Anyway you look at it, 2008 resulted in a de facto devaluation of the dollar against gold.
Yes, but then you have to explain the revaluation of the dollar against gold soon thereafter. I don't deny that the dollar was losing to gold in 2009-2011, but it was based on the expectations of the likely (or not so likely) collapse of the dollar system in the coming years rather than on reality. For example, there was no price hyperinflation or anything close to what can be loosely called that. When these expectations didn't come true, the speculative rise of gold mostly retrieved back to the baseline. In other words, it turned out to be only a temporary devaluation.

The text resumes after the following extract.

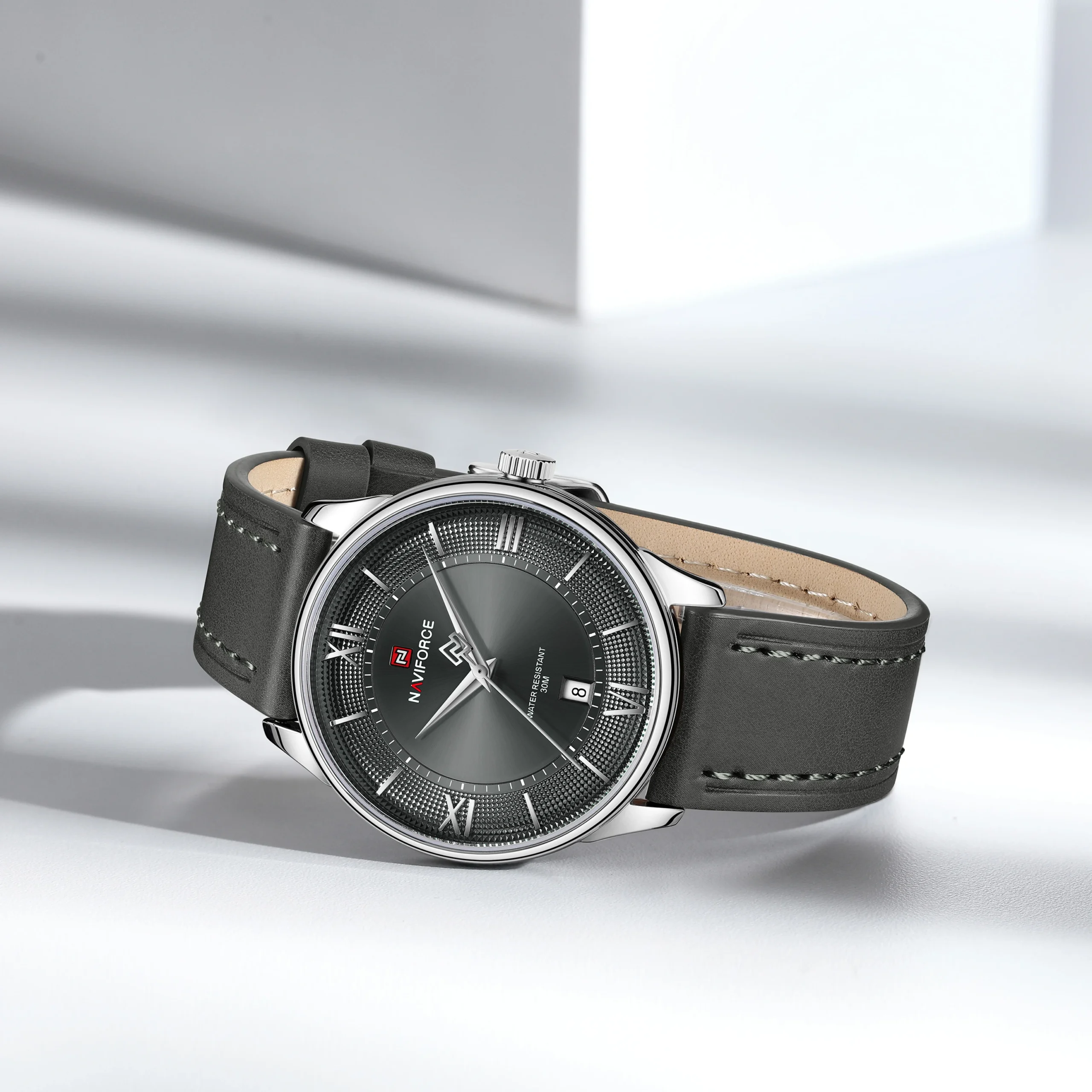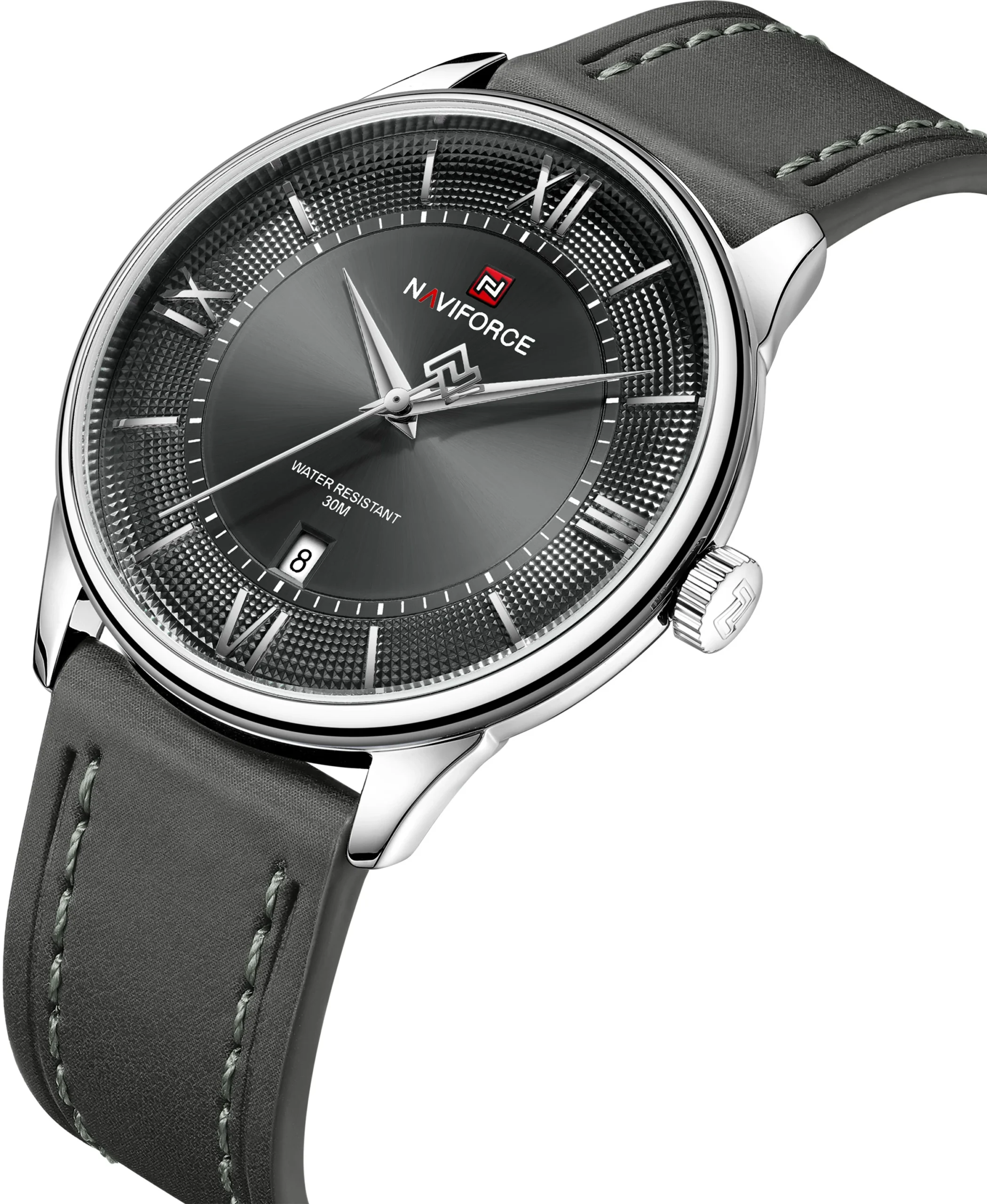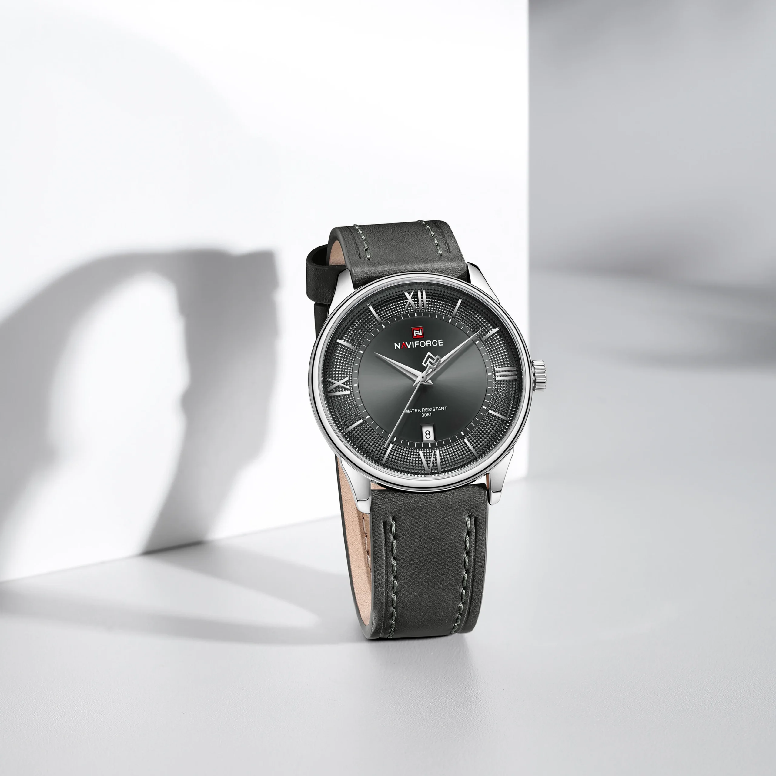 Naviforce NF9272L S/GY/GY Grey Men’s Waterproof Official Genuine Leather Strap Watch

I try not to speculate on the precise cause of each price movement, at least in this kind of discussion.
In the 70s, gold went from $35/oz (a price set in 1934) to $800 around 1980, and then back down to the $300 level and basically stayed flat. In the mid 2000s, gold went eventually to the $2000 level, and then back down to the $1000 level in early to mid-2010s, and basically stayed flat.
We see a pattern. Gold basically holds flat most of the time, except for step-wise movements up ($35 to $300 to $1000.) But each step up, or devaluation of the dollar, is accompanied by a big overshoot, followed by a big drop. This overshoot-and-drop pattern also seems to hold with Bitcoin (and even more so with altcoins.)
Over the decades, we can formulate a theory *based on these numbers alone* that the dollar is essentially continuously devalued against gold, when the noise is taken out. (And I won't explicitly speculate as to why the noise is there!)
(BTW, we have to look at the pure price of gold in dollars, not 'inflation adjusted dollars,' as you call them. If there's such an asset as inflation adjusted dollars, please let me know and I would love to own it!)